Rob Landley rob at landley.net
Thu Mar 12 16:08:13 PDT 2020


On 3/10/20 11:50 AM, enh wrote:
> On Tue, Mar 10, 2020 at 8:42 AM Chet Ramey <chet.ramey at case.edu> wrote:
>> On 3/9/20 11:16 PM, Rob Landley wrote:
>>>> -- but i can't even imagine a world in
>>>> which someone comes to me asking for more *dash* compatibility :-)
>>>
>>> It was a mistake Ubuntu made and pushed "upstream" into debian. The goal was
>>> never "remove everything that's not in posix", that was just a side effect.
>>
>> Minimalism and POSIX conformance are the big selling points now, at least
>> on the shell side of things.

I dunno about minimalism, but I'm trying to get toys/pending/sh.c in under 3500
lines. (It's 2400 now, maybe 100 of which is debug code. So it's still feasible,
but tight. And yeah, that's pulling in some subset of lib/*.c's 5600 lines, so
maybe 9k lines total.

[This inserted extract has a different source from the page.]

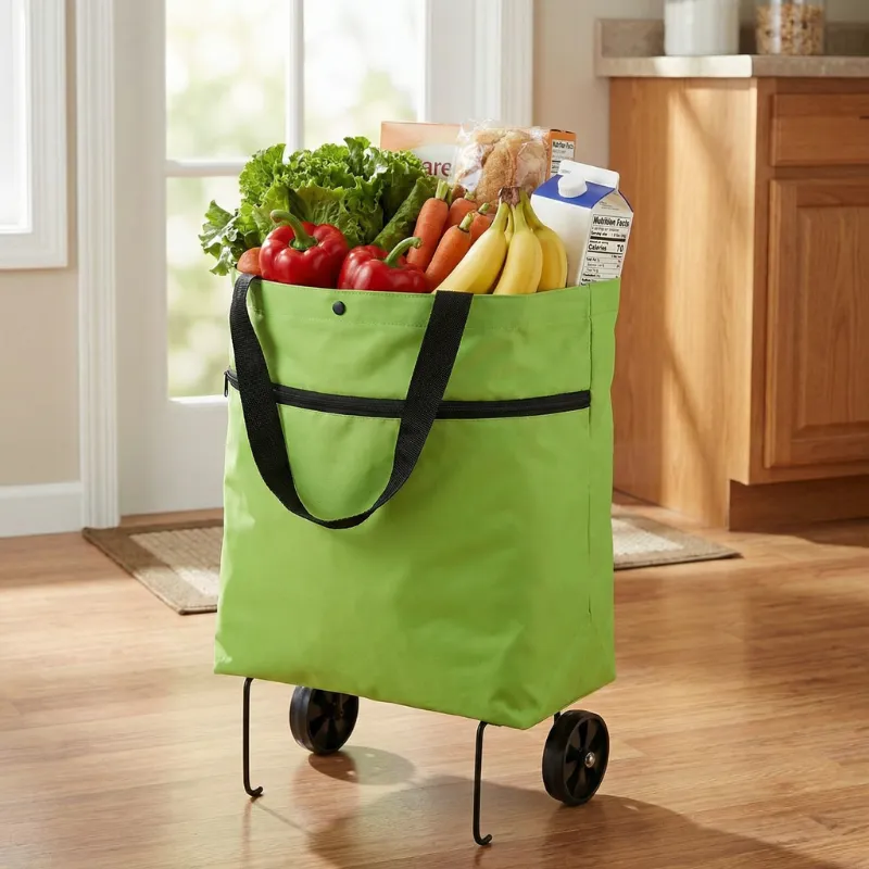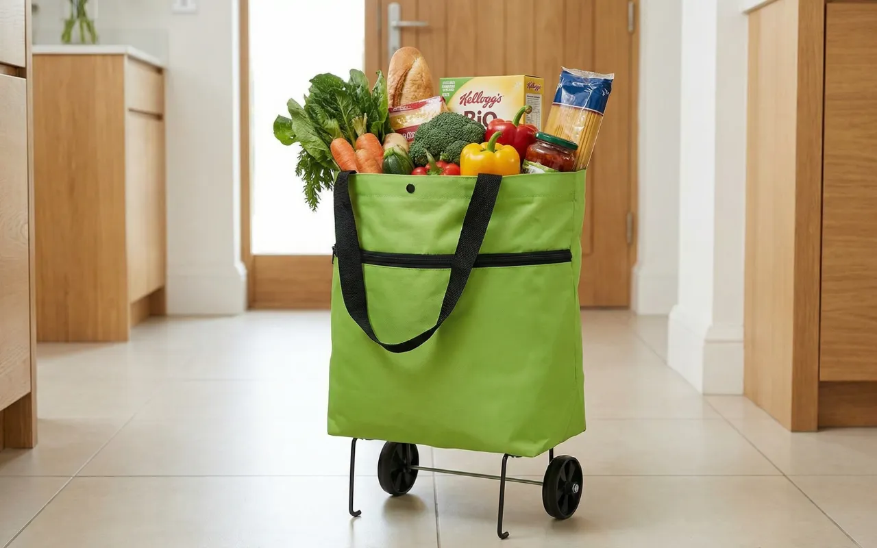 Skaffade den här vagnen efter min axeloperation. Nu lastar jag tunga flaskor och frukt utan att oroa mig. Den fälls ihop på några sekunder och glider lätt in bredvid garderoben.

Plus my original plan for command history editing went out
the window, so I have to redo that...)

Then again, I'm trying to implement more functionality in that budget than dash
is. Does that make it less minimalist?

> except like you said, bash (like MS Word) has that property where most
> people only use a few percent of the functionality, but everyone's
> using a different few percent. the only bugs i see reported against
> mksh (which is what Android's used for the last ~decade) are basically
> "i just want this one thing from bash". i'm not super excited about
> suffering another shell transition, especially because we have another
> 10 years worth of accumulated scripts since the last time, but a shell
> that explicitly aims to be bash-compatible (unlike mksh, which
> doesn't) is the only thing that would make it even worth thinking
> about.

One approach is to add a /bin/bash symlink pointing to toysh (when it's promoted
out of pending) and let people try that for a bit, and then worry about if/when
to point /bin/sh at it after it's gotten some testing.